S2 = { JLM → N, K → LM, KN → JLO, M → JKO, N → JL }
(a) Compute a minimal basis for S2 . In your final answer, put the FDs into alphabetical order. (b) Using your minimal basis from the last subquestion, compute all keys for R2 .
(c) Employ the 3NF synthesis algorithm to obtain a lossless and dependency-preserving decomposition of relation R2 into a collection of relations that are in 3NF. Do not “over normalize” . This means that you should combine all FDs with the same left-hand side to create a single relation. If your schema includes one relation that is a subset of another, remove the smaller one.
(d) Does your schema allow redundancy? Explain how you know that it does or does not.
Show all of your steps so that we can give part marks where appropriate. There are no marks for simply a correct answer. You must justify every shortcut that you take.
What to hand in for Part 2
Type your answers up using a tool like LaTeX or Word. Hand in your typed answers, in a single pdf file called a3.pdf. Handwritten submissions will not be accepted and will receive a grade of 0.
Final Thoughts
Submission: Check that you have submitted the correct version of your files by downloading it from MarkUs; new files will not be accepted after the due date.

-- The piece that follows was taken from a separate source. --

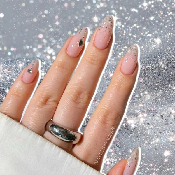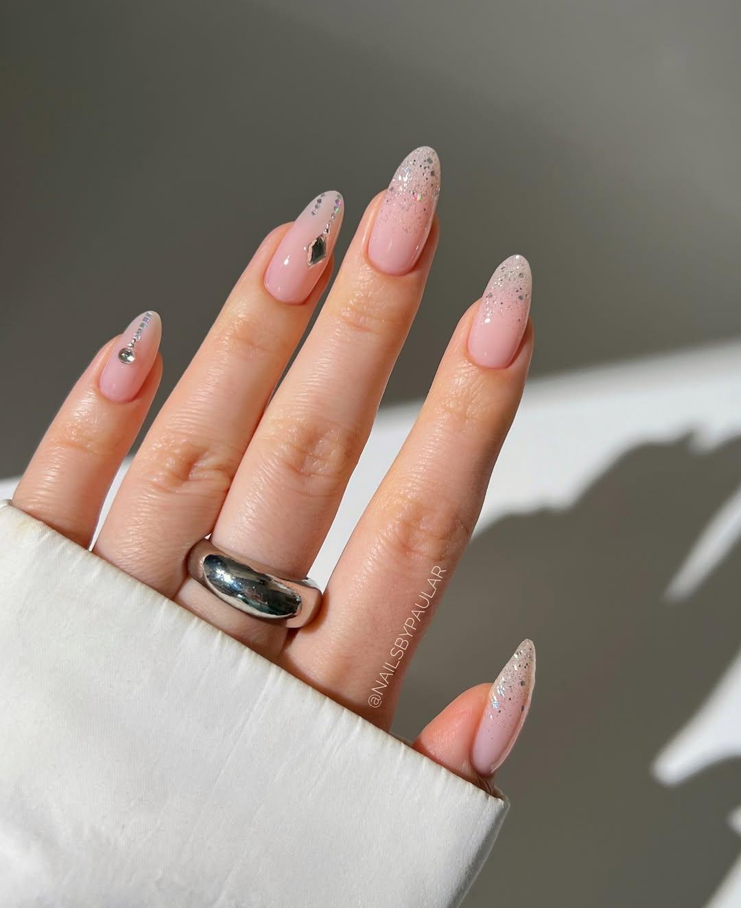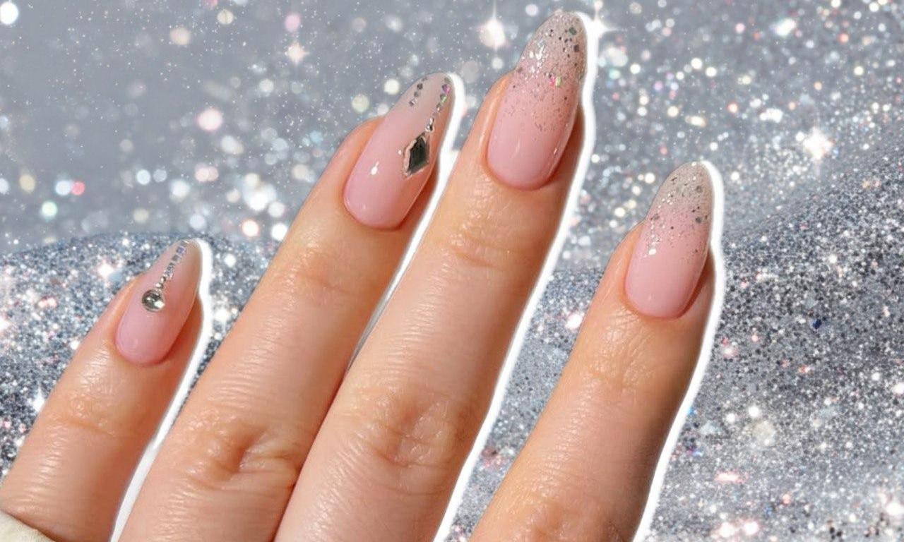 Куда же без любимого базового нюда? Ты можешь отказываться от него в течение нескольких сезонов, но все равно будешь возвращаться, как к тому самому главному бывшему. Покрой ногти классическим бежевым, а уже потом приступи к сияющим акцентам. На большинство ноготков их можно добавить прозрачным лаком с блестками. На другие — крупные и мелкие стразы, чтобы создать игривый контраст.

Forming groups: Make sure you have created your group in MarkUs as soon as you decide to work with a partner. Make sure you both see the group as expected. The deadline for getting assistance from us in creating your groups is Monday, November 25. We strongly recommend you create your group before then.
Marking: The marking scheme will be approximately this: Part 1 70%, and Part 2 30%.

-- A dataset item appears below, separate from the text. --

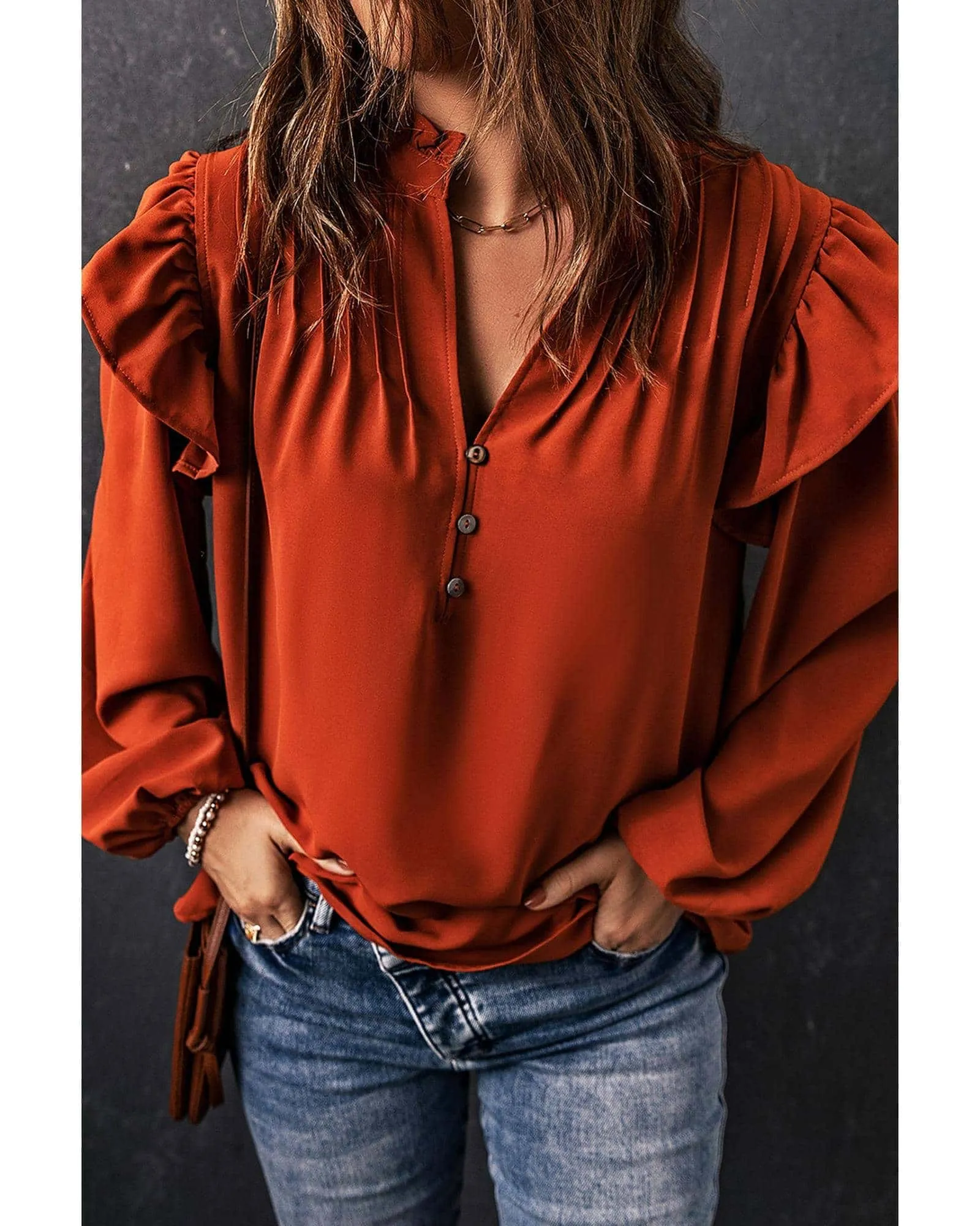 - Buttoned V-neckline

Some parting advice: It will be tempting to divide the assignment up with your partner. Remember that both of you probably want to answer all the questions on the final exam. A reminder from the syllabus: “If you choose to work with a partner, we expect that you are working together on all parts of the assignment. If you choose to work with a partner in another way, you are responsible for all issues that arise from splitting up the work.”